What the ratios don't say
No ratio captures:
- Governance quality (director competence, key-person dependency)
- Customer diversification (one customer = 50% of turnover is a time bomb, invisible in the accounts)
- Off-balance-sheet commitments (guarantees, long-term contracts, ongoing litigation)
- Weak BCE signals (director changes, recent address transfer, late filing)
- Reputation and AML risks (PEPs in beneficial owners, sanctions, ...)
That is why a complete scoring file always combines:
Automation
The Company Belgium API computes the 12 ratios automatically for the last 10 fiscal years filed at the NBB. You get a multi-year dashboard that reveals trends: a deteriorated but improving ratio is less concerning than a "healthy" but rapidly degrading one.
For more on integrated scoring and business use cases, see our guide for accountants on automating financial analysis.
Frequently asked questions
Which financial ratios matter most for a Belgian SME?
If we had to pick three: solvency (equity / total assets, ideally > 25%), operating margin (operating result / turnover, ideally > 8%) and interest coverage (EBIT / financial expenses, ideally > 5). These three cover structural, operational and financial-stress angles. A proper assessment requires the 12 ratios presented, plus qualitative indicators.
Are the 'healthy' thresholds the same for all sectors?

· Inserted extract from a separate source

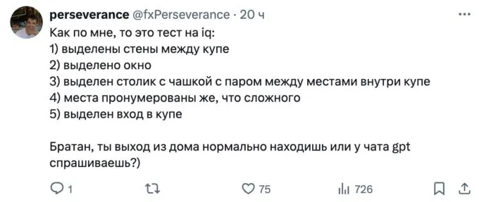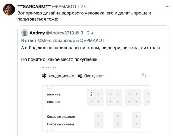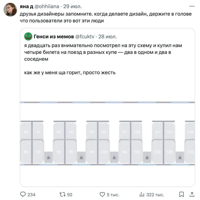 Большая часть комментаторов не согласна с автором. По их мнению, во-первых, дизайнер сайта выделил купе перегородками, во-вторых, добавил столики для упрошенной ориентации. Что не так, Гэнси?
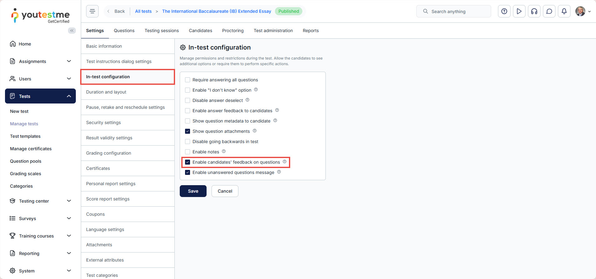 Require updating profile information is enabled – A pop-up for updating your personal information will appear when you accept the test instructions. Here, you can:

No. Margins, asset turnover and productivity depend strongly on sector. A restaurant with 3-5% net margin is doing well, whereas a software publisher at the same 3-5% would be underperforming. Best practice is to compare a company to the median of its NACE sector — the Company Belgium API exposes these sector benchmarks optionally.
How should I interpret a sharp variation in a ratio between two fiscal years?
A sharp variation (> 30%) between two fiscal years always warrants manual analysis. Typical causes: filing schema change (the ratio becomes mechanically incomparable), exceptional operation (sale, acquisition, capital increase), accounting change (move to IFRS, estimate revision), or simply an exceptional year (non-recurring gain or loss). Without context, an isolated ratio can mislead.
Are ratios enough to decide on a supplier credit?
No. Ratios are an excellent first filter but capture neither qualitative BCE signals (director changes, recent address transfer, late filing), off-balance-sheet commitments (given guarantees, litigation), nor AML risks (PEPs, sanctions). A complete scoring file combines ratios + academic scores + BCE signals + AML checks. That is exactly what the Company Belgium API does in its financial-intelligence endpoint.